Deactivating a model
Deactivated models are hidden from the registry and recommendations but preserved in the database for historical data integrity. Deactivation is available through the admin server actions.
Usage and Insights dashboard
The admin panel includes Usage and Insights tabs alongside the model list.
Usage shows: - Total tasks, users, selections, and comparisons - Activity over time (tasks and selections per day, week, or month) - Mode breakdown (Recommend, Validate, Compare) - User signups over time
Insights shows: - Outcome success rate and average selected rank - Task type distribution — what people are using AI for - Model leaderboard — which models are recommended and selected most - Outcome breakdown — success vs failure with failure reasons - Capability demand — how often tasks need vision, tools, or code
Use the toggle in the top-right to switch between daily, weekly, and monthly views.
Discovering new models
The Discover tab shows AI models available on OpenRouter that aren't yet in the Bearing registry. You can search by name or provider, then import individual models.
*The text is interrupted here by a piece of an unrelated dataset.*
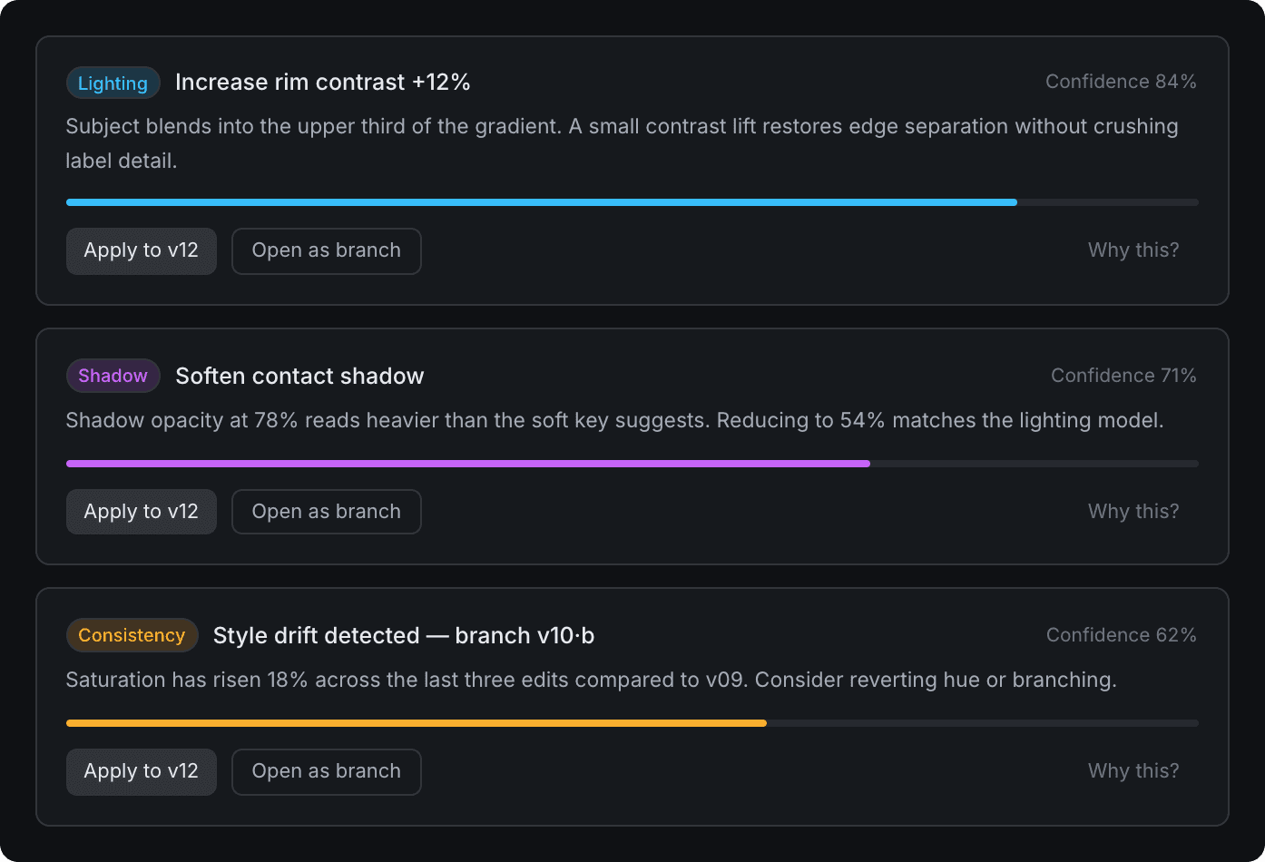 Suggestions are scoped. Each one targets a specific layer and a specific dimension (lighting, contrast, consistency). No "make it better" pseudo-magic.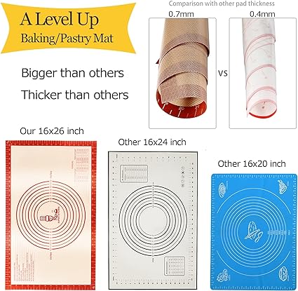 Non-slip Silicone Pastry Mat Extra Large with Measurements 16''By 26'' for Silicone Baking Mat, Counter Mat, Dough Rolling Mat,Oven Liner,Fondant/Pie Crust Mat

When you import a model: 1. Click Import — a form opens with the model's specs from OpenRouter (name, pricing, context window, capabilities) 2. Click Generate Estimates — Claude Haiku suggests initial scores for task fitness, transparency, sustainability, and other factors based on the model's metadata 3. Review and adjust the estimates — all fields are editable 4. Click Save as Draft — the model is added to the registry but not yet visible to users
To make a draft model live, go to the Models tab, find the model, and edit it to set it as active.
Syncing pricing
Click Sync Pricing on the Discover tab to update pricing for all models from OpenRouter's latest data. You'll see a summary of how many models were updated.
Privacy
Bearing does not store your task descriptions or comparison prompts. What we store:
- A hash of your description (for deduplication, not reversible)
- Classified task attributes (type, complexity, input length)
- Your priority ranking
- Which model you chose and at what rank
- Your outcome feedback (if you give it)
- Your comparison preferences (if you compare models)
For sign-in, we store your email address. Nothing else about you.